→ **About this exercise**: For every record that follows, transcribe the text exactly and leave any image out.

START Material provided

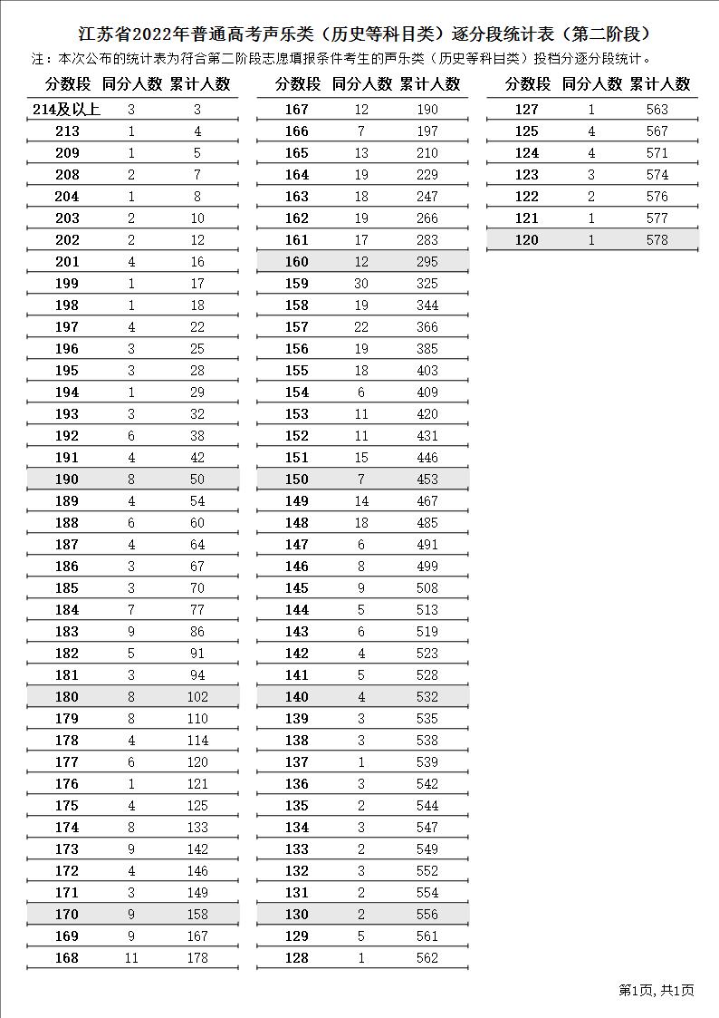 江苏省2022年普通高考声乐类(历史等科目类)逐分段统计表(第二阶段)1
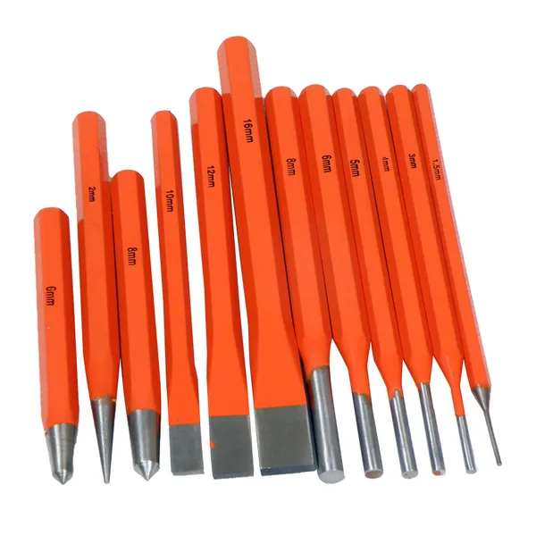 • Elmax 12 db-os lyukasztó és kiütő készlet – precíz fémmegmunkáláshoz S10637
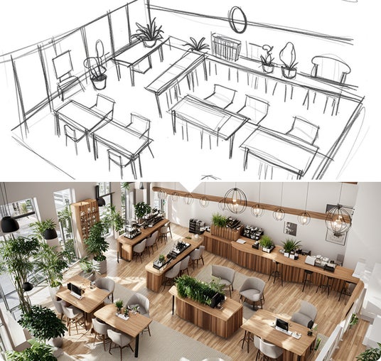 手書きのスケッチをACIMUSにアップロードするだけで、図面や3Dモデルがなくてもイメージベースでリアルな建築パース画像を手軽に生成できます。
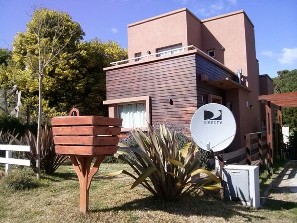 Casa con cuarto matrimonial en suite, amplio estar comedor, cocina, lavadero, parque, parrilla. En entrepiso dos camas, terraza. Ideal para descansar. Directv, wifi prepagos. Cochera semicubierta. Alarma perimetral monitoreada.
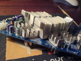 С этим кулером разгон составил 535\715 (gpu\memory), тайминги памяти изменены. Температуры примерно 40 градусов в простое, в играх 54-55, 59 – максимум под нагрузкой (ATItool). Долго думал, ставить ли радиаторы на память, решил поставить и в итоге разгон памяти увеличился на 15мгц и итоговый разгон составил 535\730. Правда при установке радиаторов возникла одна проблема: backplate нависал над одним из чипов памяти и не давал установить радиатор. Пришлось согнуть 8 ребер радиатора и тогда он встал.
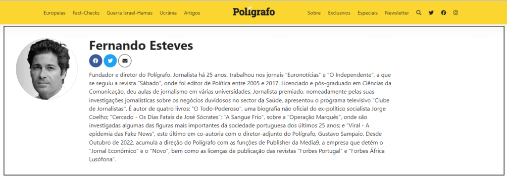 E mais: na nota biográfica de Fernando Esteves no próprio site do Polígrafo, há outra mentira. Está escrito que “desde Outubro de 2022, acumula a direção do Polígrafo com as funções de Publisher da Media9, a empresa que detém o Jornal Económico e o Novo, bem como as licenças de publicação das revistas Forbes Portugal e Forbes África Lusófona”, mas tal não é verdade.
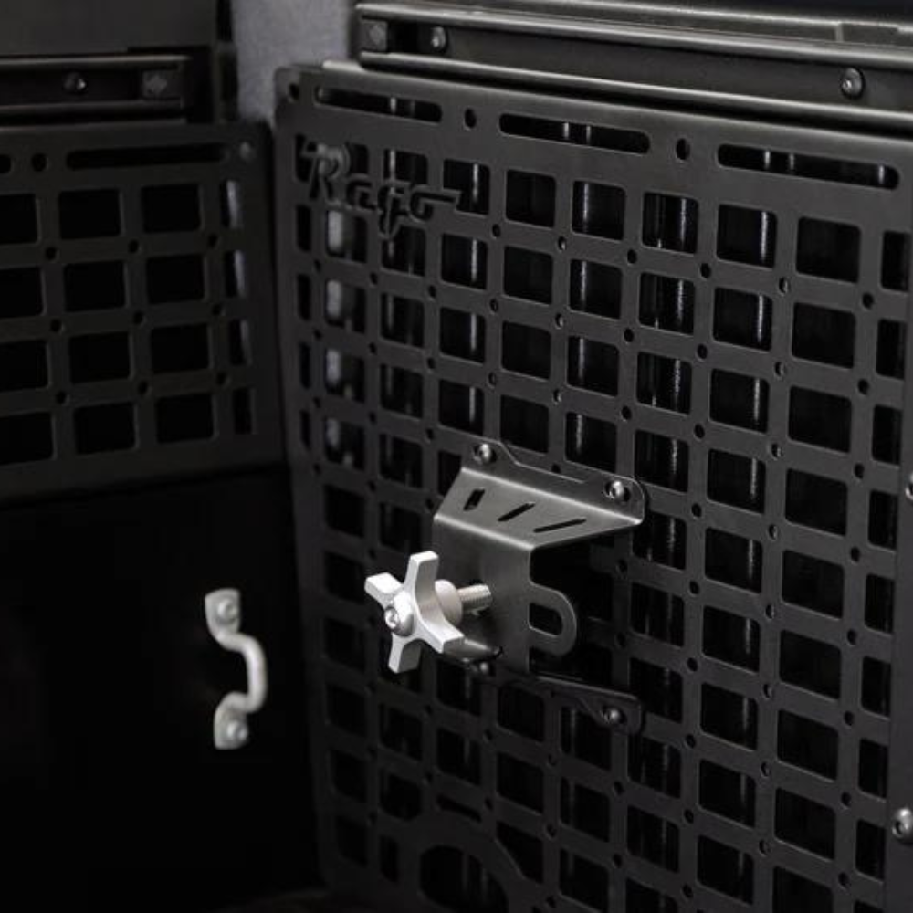 The Universal Hi-Lift Jack Mounts were designed for versatile mounting options for a Hi-Lift style jack. The includedstainless steelhardware can be used to mount these on molle panels, truck beds, trailers, garage wall, etc. They were designed to seamlessly fit Rago Fabrication molle panels, but fitment has also been confirmed for ADD Offroad & DV8 Offroad molle panel systems. Constructed from ⅛-inch American steel, they are then sandblasted and finished in a durable 2-stage hammer black powder coat. Installation is a bolt-onprocess, butmay require drilling depending on your application. All Rago products are proudly made in the USA.
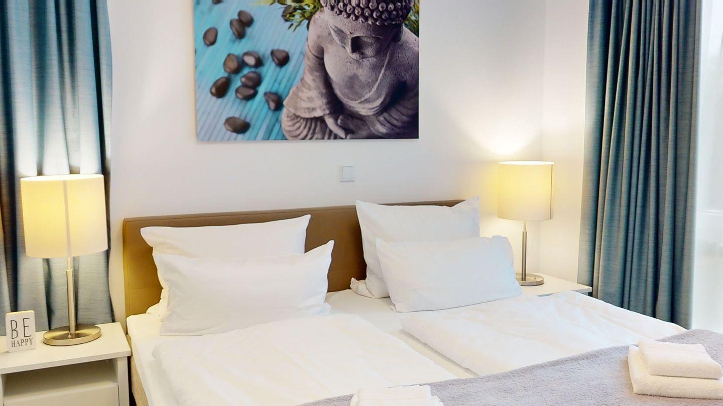 Die Wohnung im 1. OG verfügt über drei Zimmer - zwei Schlafzimmer mit Boxspring-Doppelbetten, ein Wohnzimmer mit einer Schlafcouch für zwei Personen und eine offene Küche. Zwei Bäder, jeweils mit Dusche und Badewanne, bieten großen Komfort.

END Material provided

→ **Completed task**:
 江苏省2022年普通高考声乐类(历史等科目类)逐分段统计表(第二阶段)1
 • Elmax 12 db-os lyukasztó és kiütő készlet – precíz fémmegmunkáláshoz S10637
 手書きのスケッチをACIMUSにアップロードするだけで、図面や3Dモデルがなくてもイメージベースでリアルな建築パース画像を手軽に生成できます。
 Casa con cuarto matrimonial en suite, amplio estar comedor, cocina, lavadero, parque, parrilla. En entrepiso dos camas, terraza. Ideal para descansar. Directv, wifi prepagos. Cochera semicubierta. Alarma perimetral monitoreada.
 С этим кулером разгон составил 535\715 (gpu\memory), тайминги памяти изменены. Температуры примерно 40 градусов в простое, в играх 54-55, 59 – максимум под нагрузкой (ATItool). Долго думал, ставить ли радиаторы на память, решил поставить и в итоге разгон памяти увеличился на 15мгц и итоговый разгон составил 535\730. Правда при установке радиаторов возникла одна проблема: backplate нависал над одним из чипов памяти и не давал установить радиатор. Пришлось согнуть 8 ребер радиатора и тогда он встал.
 E mais: na nota biográfica de Fernando Esteves no próprio site do Polígrafo, há outra mentira. Está escrito que “desde Outubro de 2022, acumula a direção do Polígrafo com as funções de Publisher da Media9, a empresa que detém o Jornal Económico e o Novo, bem como as licenças de publicação das revistas Forbes Portugal e Forbes África Lusófona”, mas tal não é verdade.
 The Universal Hi-Lift Jack Mounts were designed for versatile mounting options for a Hi-Lift style jack. The includedstainless steelhardware can be used to mount these on molle panels, truck beds, trailers, garage wall, etc. They were designed to seamlessly fit Rago Fabrication molle panels, but fitment has also been confirmed for ADD Offroad & DV8 Offroad molle panel systems. Constructed from ⅛-inch American steel, they are then sandblasted and finished in a durable 2-stage hammer black powder coat. Installation is a bolt-onprocess, butmay require drilling depending on your application. All Rago products are proudly made in the USA.
 Die Wohnung im 1. OG verfügt über drei Zimmer - zwei Schlafzimmer mit Boxspring-Doppelbetten, ein Wohnzimmer mit einer Schlafcouch für zwei Personen und eine offene Küche. Zwei Bäder, jeweils mit Dusche und Badewanne, bieten großen Komfort.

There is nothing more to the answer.